Catriona Jeffries Gallery is pleased to present works by seven gallery artists in several exhibition sites at Art Basel Miami Beach.
Arabella Campbell, Brian Jungen and Ian Wallace exhibit new works, each of which approaches a modernist logic of seriality with a precise mode of discernment that exists in tension with the cluttered social world.
Senior Vancouver artist Ian Wallace presents new acrylic and photolaminate on canvas works that bind the referential capacity of documentary photography to the abstract field of the painted monochrome. Chicago Crosswalk turns to a major urban intersection commanded by near-megalithic corporate structures, the illuminated glass of which evokes a kind of steepened Broadway Boogie-Woogie. In contrast, Support/Surface I, II is a diptych that denotes the symbiotic bond between painting and photography in Wallace’s practice by documenting the working space of the studio at the exact moment it is occupied in the works’ making.
Three new works by Arabella Campbell consider the character and capacity of the medium of painting by way of its most basic properties of surface and support. In two canvases entitled Two Surfaces - One Colour, Belgian Linen Brussels, and Two Surfaces - One Colour, Belgian Linen Vancouver, the delicate monochromatic surfaces contain almost imperceptible variations which index the texture and hue of their underlying material support. The green painters’ tape that Campbell has deliberately left on the top edge of each canvas reflects a faint green glow onto the wall, further integrating the art object and its physical support structure. In Physical Facts #8, Campbell’s pragmatic configuration of pigmented surface and untreated canvas registers subtly its plain, factual structure.

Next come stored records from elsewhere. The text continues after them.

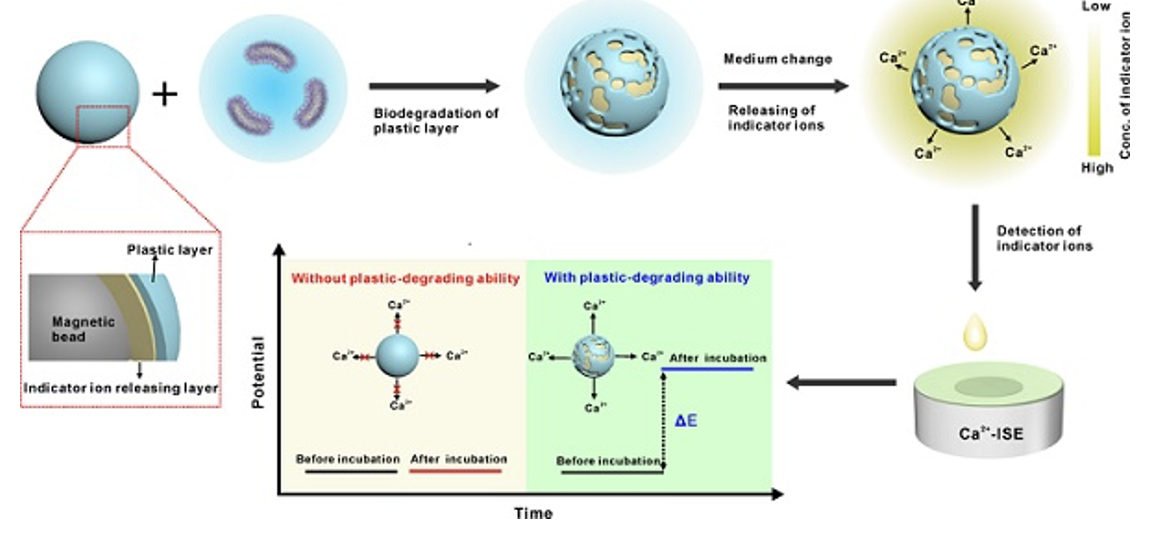 A research team from the CAS Yantai Institute of Coastal Zone Research has proposed a strategy for rapid and quantitative assessment of plastic degradation ability of bacterial strains based on electrochemical sensing, which was used to rapidly identify strains capable of degrading polystyrene. The study combined a polymer membrane ion-selective electrode with magnetic separation technology, utilizing the release of indicator Ca2+ ions caused by plastic degradation by the strain. By sensitively detecting changes in indicator ion concentration, the strain’s plastic degradation efficiency was electrochemically monitored.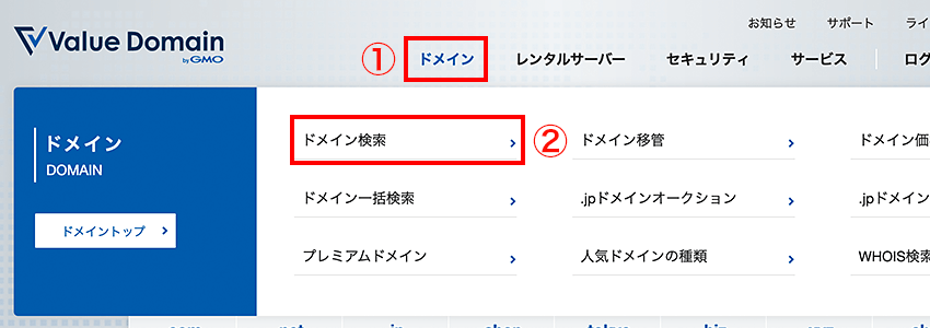 バリュードメインでドメインを取得する手順です。以下の場合は、各マニュアルを参照ください。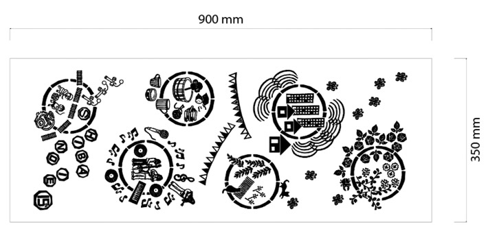 白地に黒1色で印刷された特注デザインは、消しゴムハンコによって作られた地域コミュニティ様をイメージしたイラストになります。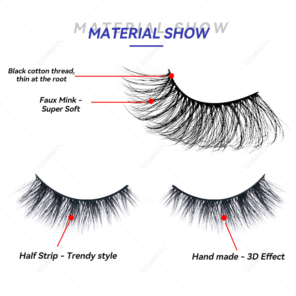 DAMMAN 3D Faux Mink Half Strip Eyelash - Cat Eyes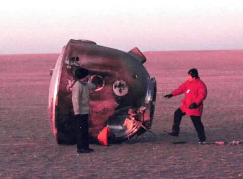 1999年11月21日,我國第一艘試驗飛船神舟一號太空飛行取得圓滿成功,技術人員在對飛船返回艙進行現場處理。圖|新華社

Brian Jungen considers competing systems of land distribution and forms of claim upon it in the form of his twelve-foot high, volumetric tube stack made of high-end golf bags, reconfigured with strong formal resemblance to a totem pole. Titled 1990, the work is the sixth and last in the series of tube stack works, five of which are currently on view at the Lyon Biennale. Jungen pinpoints and deconstructs the upscale baggage that frequently makes the rounds on contested sites of land use in order to contrast sharply the aesthetic and recreational development of "landscape" against a more inherently functional approach to land activity.
Recent video works by Roy Kiyooka, Damian Moppett, Judy Radul and Kevin Schmidt were screened in the Art Video Lounge Programme Thermostat: Video and the Pacific Northwest curated by Michael Darling.